Great example! You can just do things, folks. So go out there and do things!
Started my company at 42 with every penny I owned. $60,000 to start and cash flow my healthcare company. No vacations for the first 3 years and on call 24/7/365. Long story short, retired at 56 with an 8 figure net worth. Yes a lot of work, but timing, relationships built and a little luck is needed to succeed.
Way to bet on yourself!
The thing some people don’t realize is that when you bet on yourself and build your own company, you are far more motivated and energized to keep going versus building someone else’s vision.
I know the then 26 year old entrepreneur who’s currently selling relationship advice you talk about!
is it Ramit? lol
I was an electrical engineer before becoming FIRE but I still hang with many programmers and engineers. In my free time since quitting my job I have dived into several hobbies: music, languages, winemaking, and now I am testing my skills at landscape design and interior decorating. I have turned my home and yard into a “test kitchen” for my design ideas. I have received genuine compliments. It is not a business, yet, but maybe I will take the leap.
Anyway, I have noticed some pushback from my fellow engineers when I start explaining, rhythm and repetition, 60-30-10 rule, groupings, color, materials, antiques, period architecture. How could I know these things without having a degree in them? Hint–I have a brain and I read books. But the credentialism reigns supreme. It is a serious blind spot for the highly educated. I call it the “smarty pants syndrome”.
Schools don’t even train anymore. There are very strong incentives to sicken people with tech addictions which leads to children, and teachers, that can’t focus for 5 minutes. Over-medicalization is another issue that happens to healthy children, and it’s a pipeline starting from school (or frankly, the doctors’ office). Schools furthermore suffer from tremendous bureucratic bloat and ivory tower social agendas that are out of touch with reality, leaving kids undereducated and confused.

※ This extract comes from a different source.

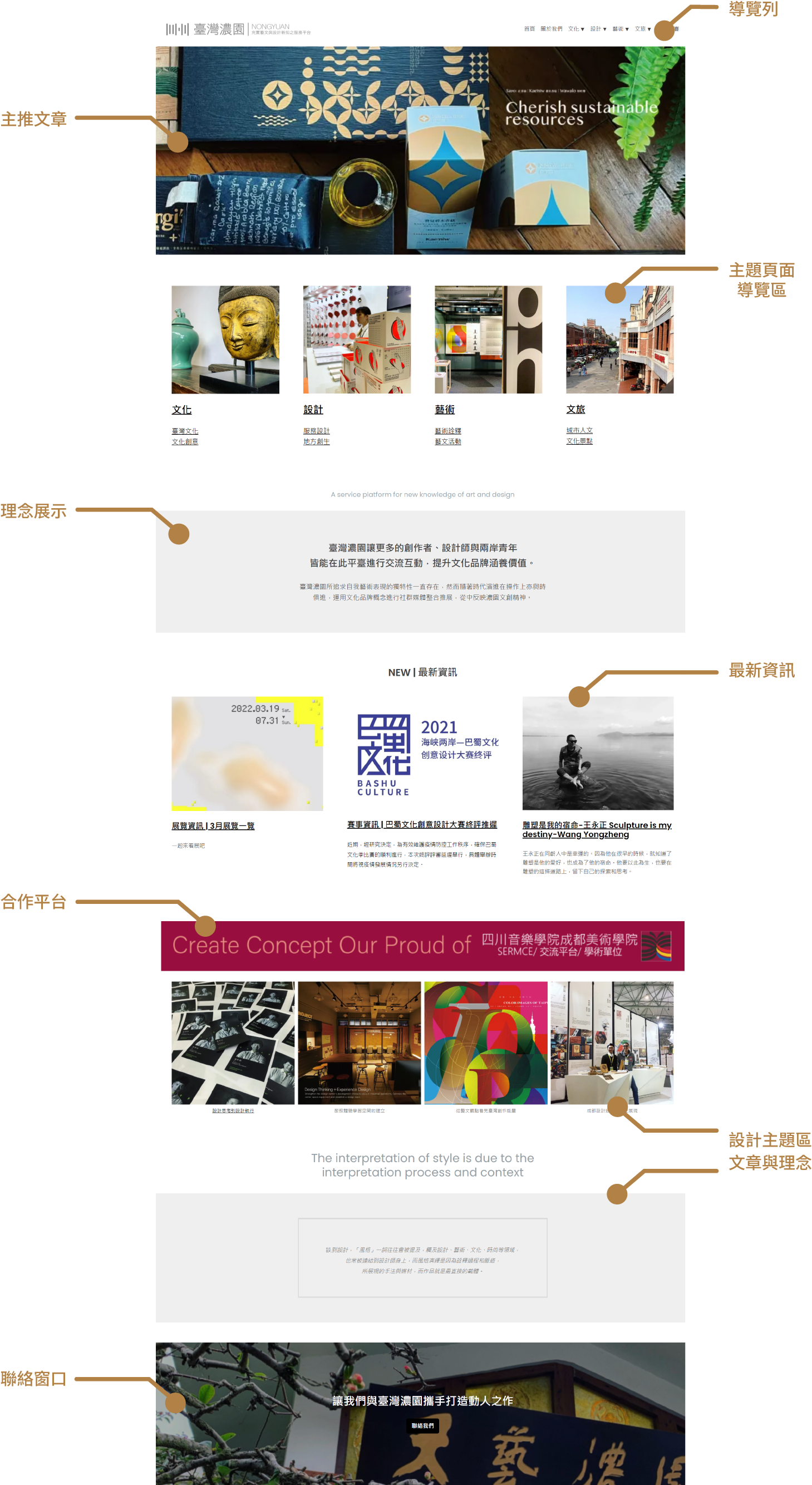 經過對其他網站的分析發現網站架構相當重要,而臺灣濃園原先僅分為五大核心區塊,包括「文化」、「設計」、「藝術」及「設計競賽」,所有文章內容皆由臺灣跟成都兩方相互對應組成,因此除了依需求增加新主題區外,也計畫將各主題分為相應兩區塊,當每個區塊清晰明了,可使用戶可以更方便地找到感興趣的內容,並提升他們的用戶體驗。

Parents should focus on teaching children how to socialize, how to form healthy habits, and how to view down upon all the terrible practices that go in schools these days: ipads, big tech invasion, participation awards, elitist social agendas, compliance and punishment, reliance on drugs (“medication” for made up things like ADHD from third-rate soft science “scientists”), fear of authority, fear of failure, censorship, and on so many other issues, the list can go on forever.
An EQ course would be great for grade school.
We have a no electronics policy for our school, and it goes through the 8th grade.
I love your line “IQ gets you in the room. EQ keeps you in it.” I love the inspirational stories of the entrepreneurs you highlighted. It’s amazing how some people can go from nothing to greatness.
I was also reminded of a video clip I watched yesterday about how those who have and project clarity, confidence, and conviction in their daily desires in life tend to get that same energy projected back into their lives. They know who they are and what they’re creating. There’s so much clarity. But those who get tangled up in fear, self doubt, and judgement and unclear desires in life tend to receive that same muddled energy back at them.
Great topic, thanks!
I completely agree on the devaluing of educational diploma. The piece of paper does not necessarily mean EQ, empathy, genuine relationships etc.
But until we find a place to put somewhat random people in the same place at the same time, I would still determine that attending post-secondary schools is a worthy goal for ok-ish teens. Other than extraordinary circumstances, I would not tell teens to skip post secondary school altogether. Note that some great business ideas brewed from people doing things together (often without seeking permission).
“Other than extraordinary circumstances, I would not tell teens to skip post secondary school altogether.”
Agree. My hope is that we parents can teach them more creativity and entrepreneurship during their first 18 years of life before they go to college or wherever.
So many opportunities to just do things with big downside risk.